Local awareness campaigns have shown that stricter laws alone are insufficient. Investment is also needed in emergency vehicles, trauma centers, and advanced training for health workers. At the Hargeisa conference, the Ministry of Health, along with organizations such as the Somaliland Emergency Medicine Association, urged that emergency care and community training be treated not as an afterthought but as a central component of the national plan.

Beyond conferences and reports, most road accidents begin with an ordinary decision. A driver accelerates where caution would suffice. Someone checks a phone at the wrong moment. A vehicle known to be unreliable is driven anyway. A seat belt is dismissed as uncomfortable rather than essential. A pedestrian steps one pace too far into a highway.

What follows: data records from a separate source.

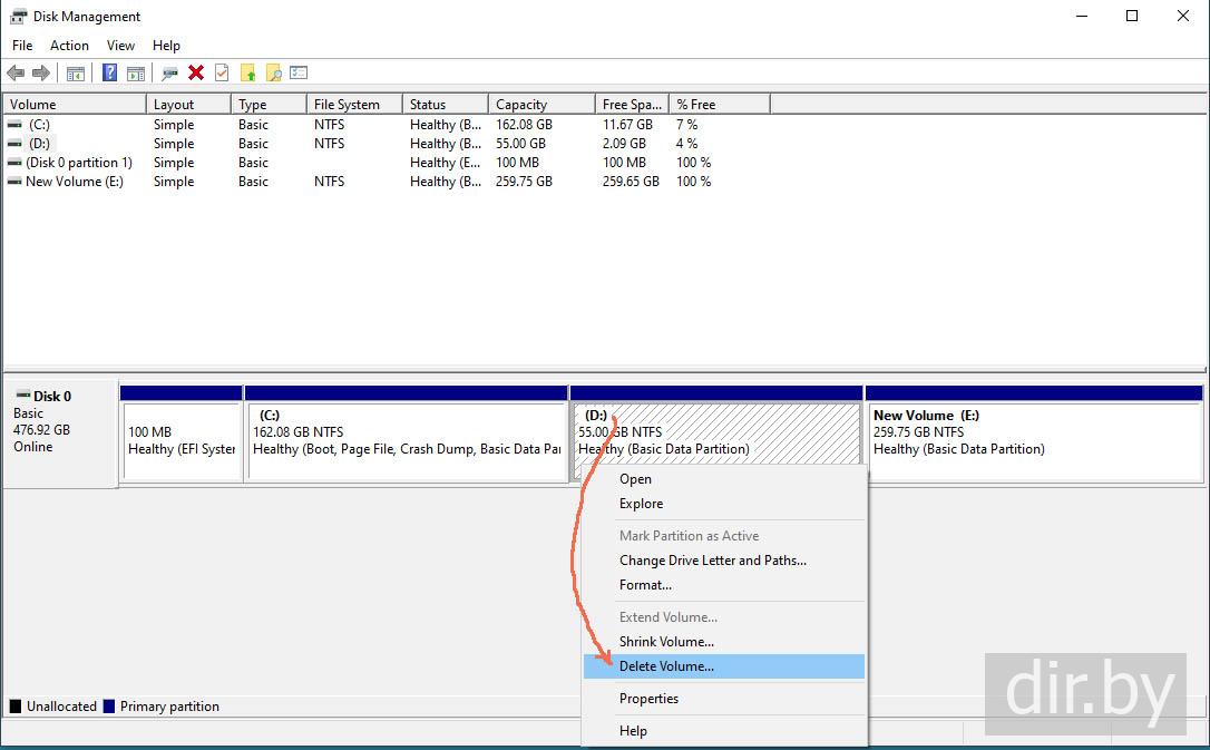 Удаляем диск D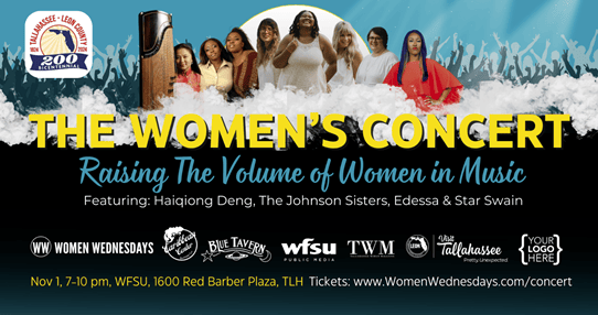 While publishing 1-2x a week seems easier, it’s actually more challenging to keep it short as we are now discovering that there is actually plenty to do in Tallahassee. The saying, “there’s nothing to do in Tallahassee” simply is not true. You just have to find the right community within the community. As we learn more about TLH, we keep finding new things. Speaking of community and recent partner, Women Wednesdays is having a concert fundraiser featuring local Women musicians and artists. Tickets are available now.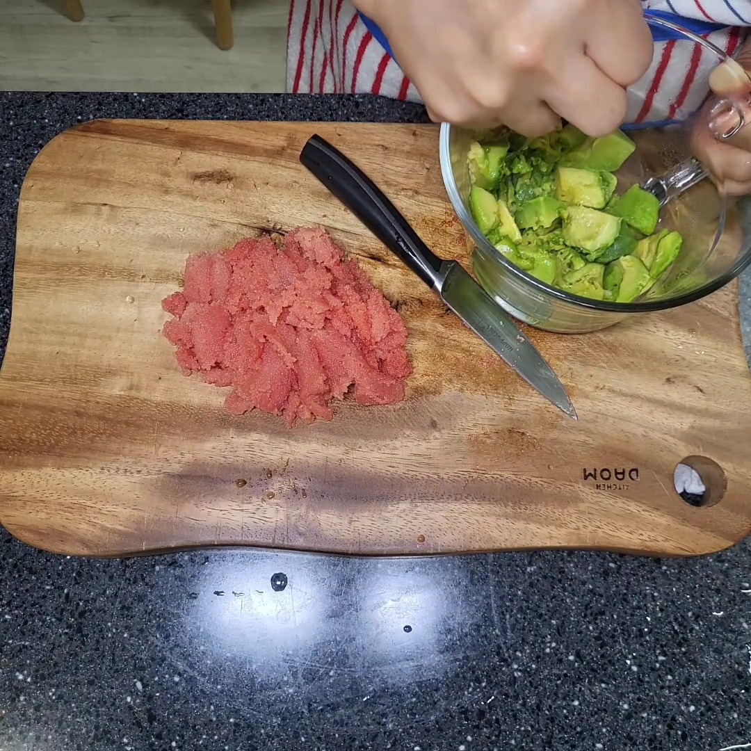 5. 아보카도명란을 얹어요.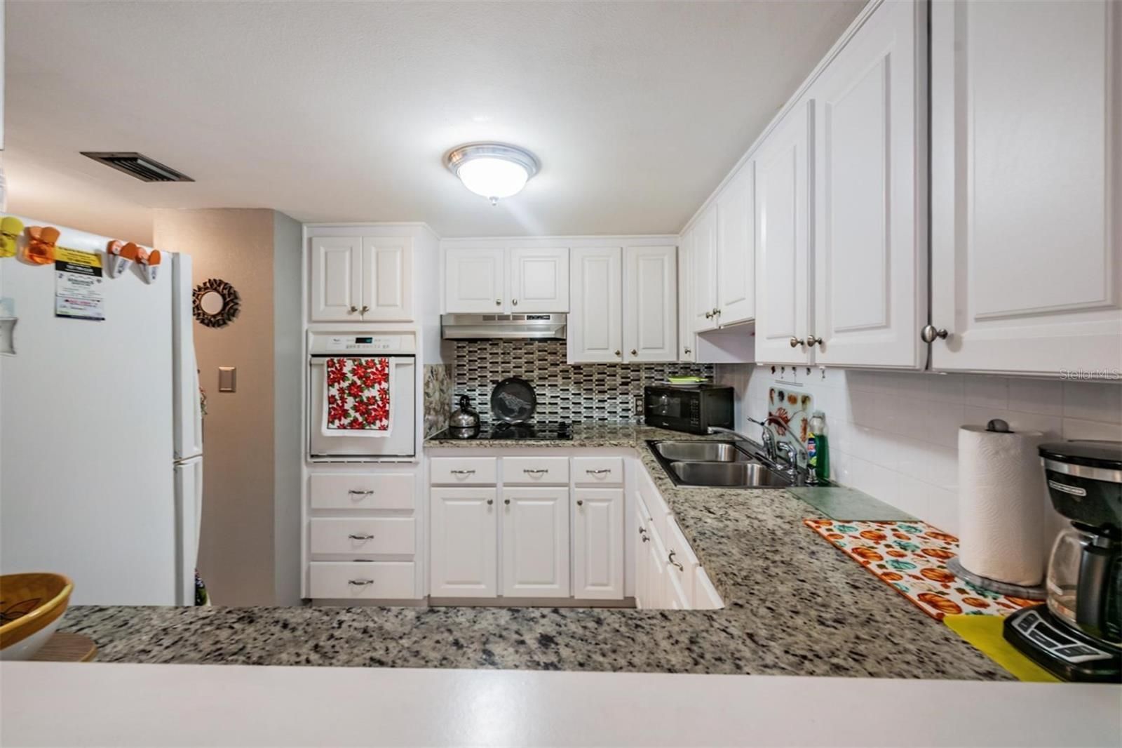 Pride of ownership shines throughout this beautifully maintained 2nd-floor condo, used only as a vacation home and offered completely furnished for a true turnkey experience. Move right in and enjoy a home that has been thoughtfully updated and cared for over the years. This inviting unit features newer double-pane windows that keep the interior quiet and comfortable, elegant plantation shutters, and newer vinyl flooring. The kitchen boasts granite countertops, a charming tropical tile backsplash, and a convenient pass-through window that opens to the dining area, creating an airy, open feel. The spacious bedroom offers generous closet and storage space along with a light-filled bonus room—perfect as an office, hobby area, or cozy reading nook. A beautifully maintained Murphy bed provides an excellent sleeping option for visiting guests. The water heater and A/C are approximately from 2017, with the A/C serviced regularly, and the building received a new roof back in 2021. Located in the desirable On Top of the World community, residents enjoy a central Clearwater location and an abundance of social events, amenities, and activities. This unit is just a short stroll to the clubhouse, pool, and many community gatherings. Convenient bus stops throughout the neighborhood make local shopping and errands effortless. A wonderful opportunity to own a fully furnished, impeccably kept home in one of the area’s most sought-after 55+ communities. Welcome home!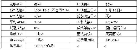 由于艺术设计领域跟文科理科工科商科等不太一样,在U.S. News排出的十大名校中有一半是我们平时不大熟悉的。这些艺术院校对SAT、ACT、GPA等成绩要求并没有特别高,而是对作品集(portfolio)更为看重。因此,我们建议有志于申请艺术学院的同学可以去看看各个学院提供的往届学生作品集,作为进一步参考。

If the seventeen-point plan survives only as press releases and photographs, future reports will record the same figures, and families will continue to receive late-night calls that end too quickly. Abdifatah, and the thousands who have died, cannot be brought back. But the sentence delivered over the phone can change, from “She/He is dead” to “I arrived safely.”

Treating road safety as an issue of public security and a national emergency, rather than resigning ourselves to fatalistic phrases like “It was fate” or “That was his destiny,” offers the clearest path toward saving lives. When preventable tragedies are reframed as collective responsibilities instead of inevitable outcomes, it becomes possible to demand stronger policies, and better infrastructure. Only by rejecting fatalism and embracing proactive action can Somaliland protect those who travel its roads today and safeguard the generations who will follow.